However, one thing sticks out to me as a concrete example of Microsoft's
failings.

"Another annoyance with the Metro Start Screen is that all roads lead to it.
Almost everything you do ends up throwing you into the Start Screen. I find it
utterly crazy that I can go from clicking on a tile on the Start Screen and
then be unceremoniously dumped into things like a Classic Control Panel applet
or Windows Explorer. Then, to do the next thing, you’re back to the Start
Screen again."

Microsoft effectively has unlimited resources (cash and people). There is no
excuse for not updating all of the applications to match the new UI toolkit.

This sounds exactly like happened with Vista. They updated the OS, but not the
1st party applications. Windows 7 updated many of them (Paint, Movie Maker,
etc), but even then not 100%. I guess the issue was that the 'Ribbon UI' was
an Office team invention, not a Windows team invention, but as a user I don't
really care about the office politics behind it.

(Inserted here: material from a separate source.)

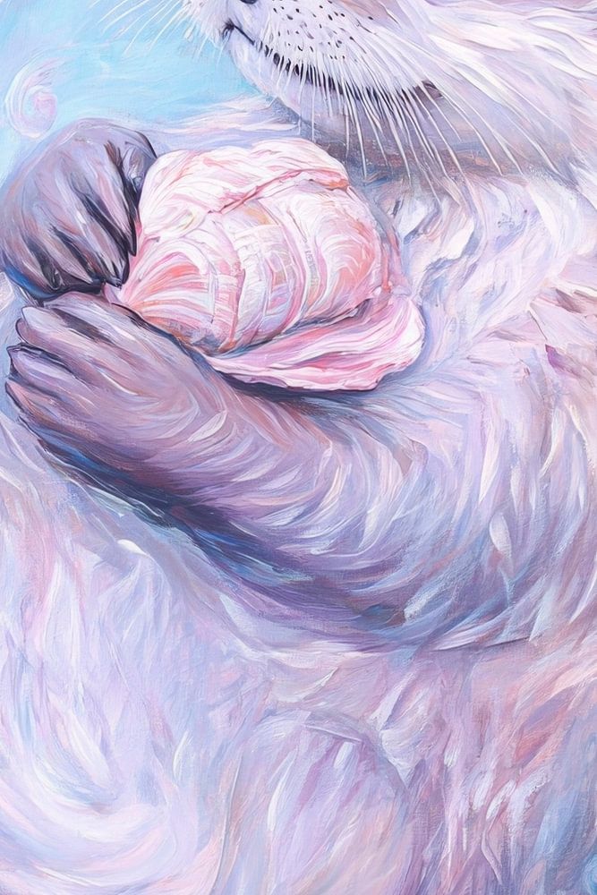 Dans un doux courant d'eau fraîche comme la rosée, une image enchanteresse de sécurité se déploie. Une loutre à fourrure, douce et ronde, étreint tendrement un petit être. Les vagues aux couleurs pastel l'entourent et créent une atmosphère harmonieuse qui incarne la quintessence du calme et de l'amour. Une scène touchante qui réchauffe le cœur.

Now they're adding a Metro layer and they made the same mistake? It makes the
OS so inconsistent. They can't do much about it for 3rd party apps, but the
1st party apps should be consistent. The cost of rewriting the presentation
layer across all of those utilities has to be a small amount compared to the
overall budget.

------
stefanve
I hope MS will up there release schedule just like Apple and Ubuntu. When OSX
first landed most people didn't like it at all. But every year it was a bit
better and at least since 10.4 one of the best if not the best desktop OS.
Same thing go's for Ubuntu, the first incarnation of Unity was not good . But
12.04 is a really usable OS and for me (since I don't use OSX specific
software) perfectly fine replacement for OSX. I'm really excited to see where
they are going with it. So if MS is serious about there new desktop they
should release a new version at least once a year. Perhaps they will need a
LTS strategy for the Enterprise starting with windows 7. So by the time
windows 8.4 comes a long Metro is matured and most workers will know how to
use is.

------
cageface
_I just can’t shake the feeling that Windows 8 would be better off as two
separate operating systems._

Bingo. Apple succeeded in mobile because they were forced to break entirely
new ground. Frankensteining Metro and the old desktop UIs together makes about
as much sense as WIMPing the XBox.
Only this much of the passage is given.